白炽一直站在稍远处,沉默地看着喀戎。
他看着贤者温顺跪卧的姿态,看着那羊毛般纹理的光盾,看着那些飘散又回归的、羊群般的星辉,看着晶体内部循环的暗沉流光……
不对……哪里不对……
他几乎是本能地、疯狂地开始翻动手中的《概念锚典》。
书页哗啦啦作响,却不是查找,而像是在他巨大的困惑与紧迫感驱动下,自行检索、匹配着眼前这超越理解的景象。
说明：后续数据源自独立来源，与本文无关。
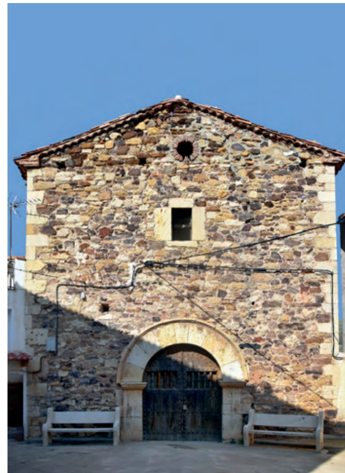
Ermita de Santo Toribio.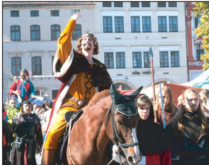
I letos zahájí vinobraní příjezd krále Karla IV. s družinou.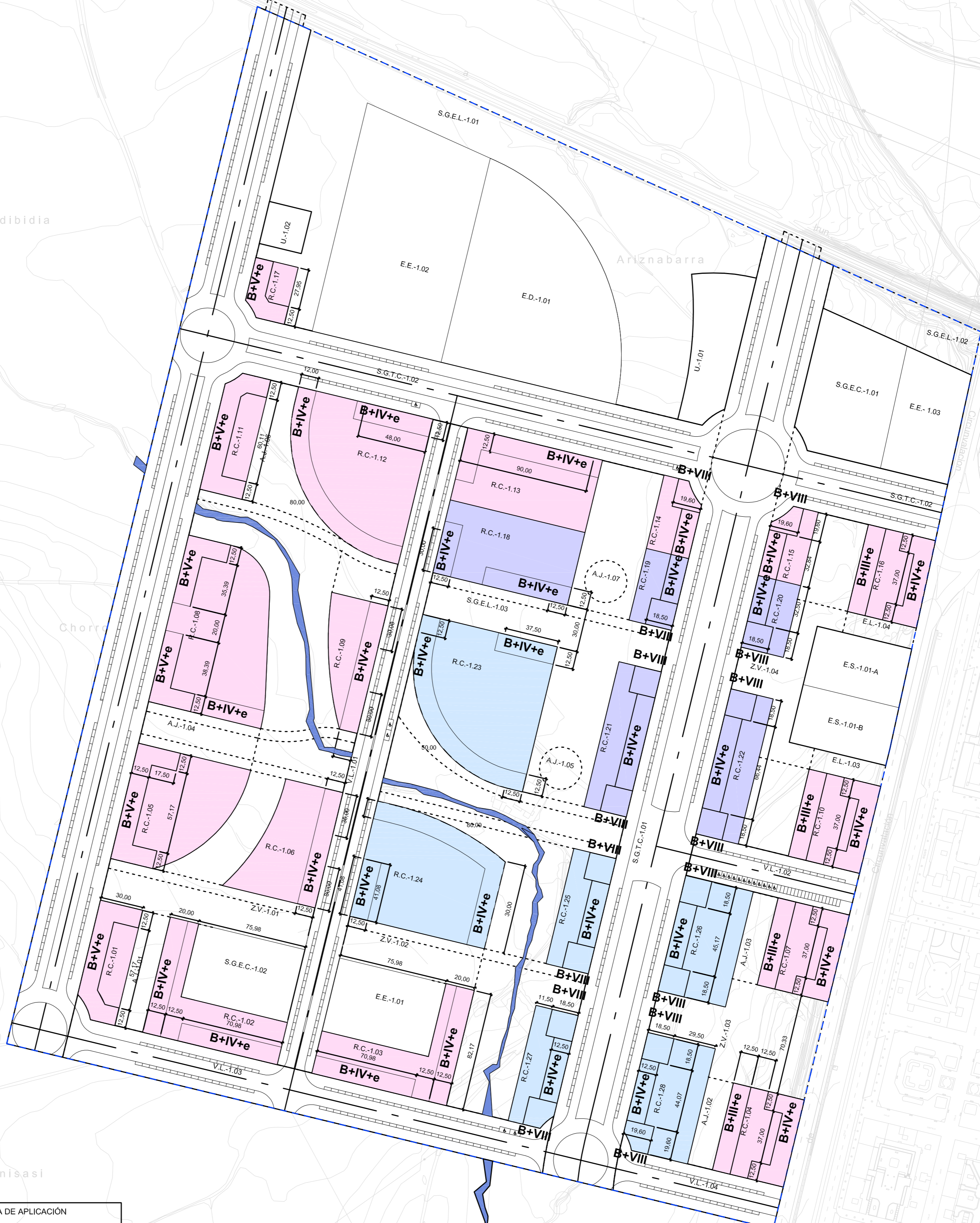
CUADRO GENERAL DE PARCELAS DE EQUIPAMIENTOS Y SERVICIOS URBANÍSTICOS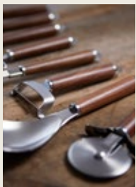
天然木のハンドルなので色調や木目の違いがあります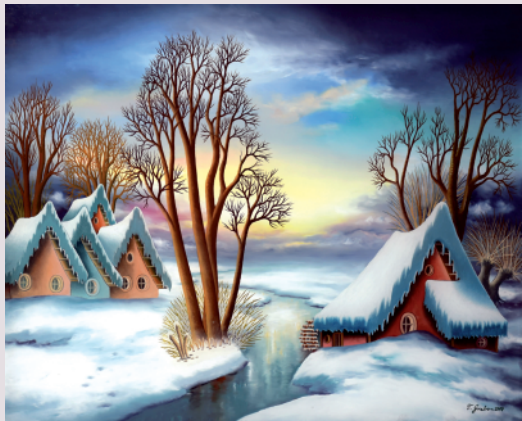
Tomislav Grabar / ZIMA / olje na steklu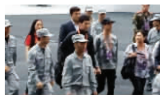
金秀贤出行,保安层层护驾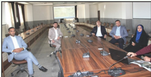
جلسه طرح تفصیلی به اتفاق اعضای شورای اسلامی شهر

“喀戎……喀戎……贤者……半人马……导师……牺牲……毒……”
他心中闪过一个个关键词,书页随之飞快掠过与之相关的、或清晰或模糊的定义与记载,大多都是这个世界流传的神话叙述,那些歌颂奉献与伟大的篇章。
不够!不是这些!
他的魂火在焦虑中微微沸腾,注入《概念锚典》。书页翻动的速度越来越快,快到出现残影。
终于,在掠过无数光辉的词条后,书页猛地停在了极其靠后、仿佛被遗忘的角落。
那里的纸张颜色略暗,字迹也更为古朴,甚至有些模糊,像是未被主流叙事采纳的、古老偏门的考据或另类解读。
白炽的瞳孔骤然收缩,目光死死锁定了其中一段:
“……考其名源,母菲吕拉,其意近‘菩提树之慈悲’,亦有‘温顺之母’隐义。
喀戎承其半神半兽之躯,或亦承此‘温顺奉献’之神髓,此恐为其不朽光辉之下,悲剧伏流之源……”
温顺。
奉献。
不朽悲剧。
短短几行字,三个词组,像三道闪电劈开迷雾!
他猛地抬起头,看向那跪卧的、胸口结晶仍在缓慢“奉献”着星辉的喀戎,又看向那羊毛光盾,看向那些温顺飘散的星辉“羊群”……
所有线索瞬间连通!
那温顺跪卧的姿态……
那保护他人(也囚禁自己)的羊毛光盾……
那不断被抽取、又默默回归的星辉……
那“固化的奉献”结晶……
顾山岳感受到的“空旷的累”……
谢慕看到的“无尽循环”……
“原来……是这样。”白炽喃喃道,声音因震撼而发紧。
他明白了。
这毒的名字,根本不在任何神话记载里。
因为它不需要名字。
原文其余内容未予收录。